It is worth emphasizing that well-converged GIST results are based on MD simulations that capture the true distribution functions for the choice of system and force field, while the faster but approximate 3D-RISM method approximates these distribution functions. As a consequence, the GIST results for number densities and energy densities may be viewed as a reference data against which 3D-RISM may be evaluated. However, the GIST expression for the entropy is generally truncated after the single-body first term (Eq (5); but see Lazaridis[2]), so entropic contributions due to water-water correlations are neglected. In contrast, although 3D-RISM uses approximate distribution functions, it computes the full entropy, including both single-body and multi-body contributions for these functions. Based on these considerations, neither GIST nor 3D-RISM should be regarded as a reference touchstone for the hydration entropies.
Oxygen and hydrogen distributions
Number density distributions are the basic thermodynamic density distribution for GIST and 3D-RISM. Fig 2 shows the number density distributions relative to bulk generated by MD, which are used for GIST and 3D-RISM calculations. While there is overall agreement on high-density locations of oxygen and hydrogen, there are some cases where 3D-RISM and MD disagree on the position or existence of oxygen sites. In some cases, the position of a maximum is shifted. For example, the oxygen site found above location 4 in the MD distribution is moved up to the edge of the binding pocket in 3D-RISM. This is also the case, at location 7, where MD predicts a large oxygen density that is shifted much lower in the 3D-RISM distribution. Meanwhile, to the left of location 4, 3D-RISM predicts an oxygen site that is not observed in the MD distribution.

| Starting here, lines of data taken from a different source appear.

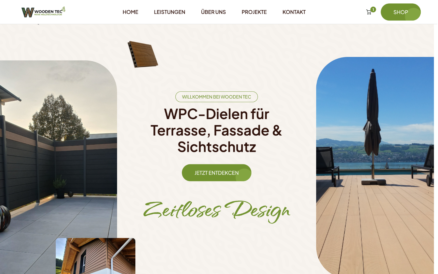 Für WoodenTec wurde eine moderne Webseite entwickelt, die die WPC-Produkte des Unternehmens klar und hochwertig präsentiert. Der Fokus lag auf einer übersichtlichen Struktur, starken Produktdarstellungen und einer klaren Nutzerführung für Bauherren, Architekten und Privatkunden.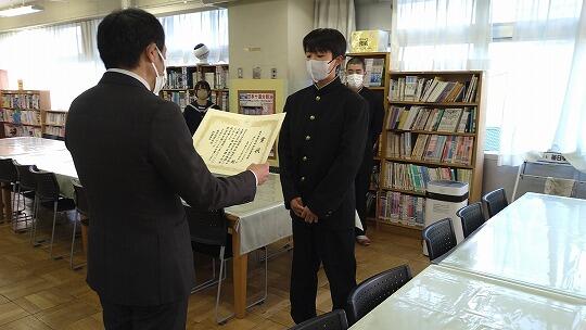 式辞では「節目を考える」という内容で、『沼中生達には、若竹のように、自分自身を丈夫にし、しなやかに、さらに成長させるために、この節目を大切にしてほしいと思っています。いままでの自分自身を見つめ直して、良かったことはさらに伸ばせるよう、悔いの残ったところは直すよう挑戦するために、この『節目』で「今年の目標」を掲げてみましょう。』というメッセージを送りました。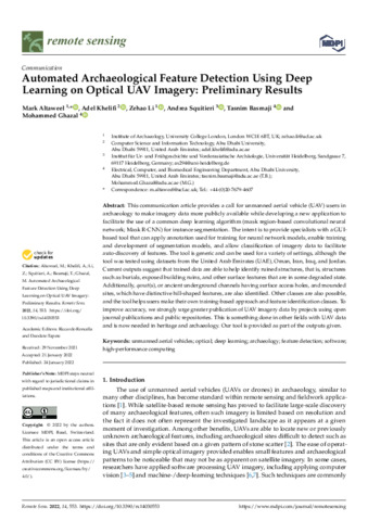 Title: | Automated Archaeological Feature Detection Using Deep Learning on Optical UAV Imagery: Preliminary Results |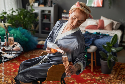 © Seventyfour, Naklejka premium Portrait of young male performer enjoying glass of champagne while doing makeup in hotel room, copy space

Oxygen pair distribution functions as calculated by (A) MD and (B) 3D-RISM. Hydrogen pair distribution functions as calculated by (C) MD and (D) 3D-RISM. Isosurfaces are shown for 4 (yellow) and 8 (blue) times bulk density. The FXa solvent accessible surface is shown in white. Numbers identify density regions that are discussed in the text.
Overall, 3D-RISM has a less defined solvent distribution with lower, wider density maxima than found in the MD distributions. These results are consistent with previous comparisons of MD and 3D-RISM[52–54]. The difference can be clearly seen at locations 1, 2, and 3 in Fig 2. Here, MD presents highly localized oxygen sites while 3D-RISM generally has smaller high-density regions (8 times bulk density) but larger low-density regions (4 times bulk density). Low-density channels between the oxygen sites connect the high-density sites for both 3D-RISM and MD, but are only visible in MD at around 2 times bulk density (not shown).
For both MD and 3D-RISM, hydrogen distributions are less localized than the oxygen distributions with few peaks above 8 times bulk density. As with the oxygen distributions, MD has more density maxima than 3D-RISM and these have higher densities but there are no channels in either 3D-RISM or MD connecting the maxima. Both methods do locate some well-defined hydrogen sites, indicating highly oriented water molecules. At location 3 an oxygen site has a pair of well-defined hydrogen sites on either side, suggesting that this is the location of well-ordered and localized water molecule. Location 6 shows similar behavior deep within the binding pocket.
Energy distributions
Solute-water energy density distributions.
Using Eqs (16), (18) and (19), it is possible to transform the oxygen and hydrogen site densities generated from 3D-RISM (Fig 2) into 3D density distributions of the solvation energy, entropy, and free energy. As noted in the Introduction and Methods, the site-site nature of 3D-RISM makes it difficult to interpret the direct visualization of thermodynamic density distributions. Fig 3A shows this for the solute-water energy density distribution, generated from Eq (20). On the right, we observe many positive and negative regions of the distribution in close proximity to each other. It is possible, when comparing to Fig 2, to identify contributions from hydrogen and oxygen separately. For example, at location 3, the contribution from the oxygen can be seen clearly in blue (positive energy) while the two localized hydrogen density maxima can be identified in red (negative energy). However, it is not possible to visually determine if a water molecule at this location would have positive or negative energy.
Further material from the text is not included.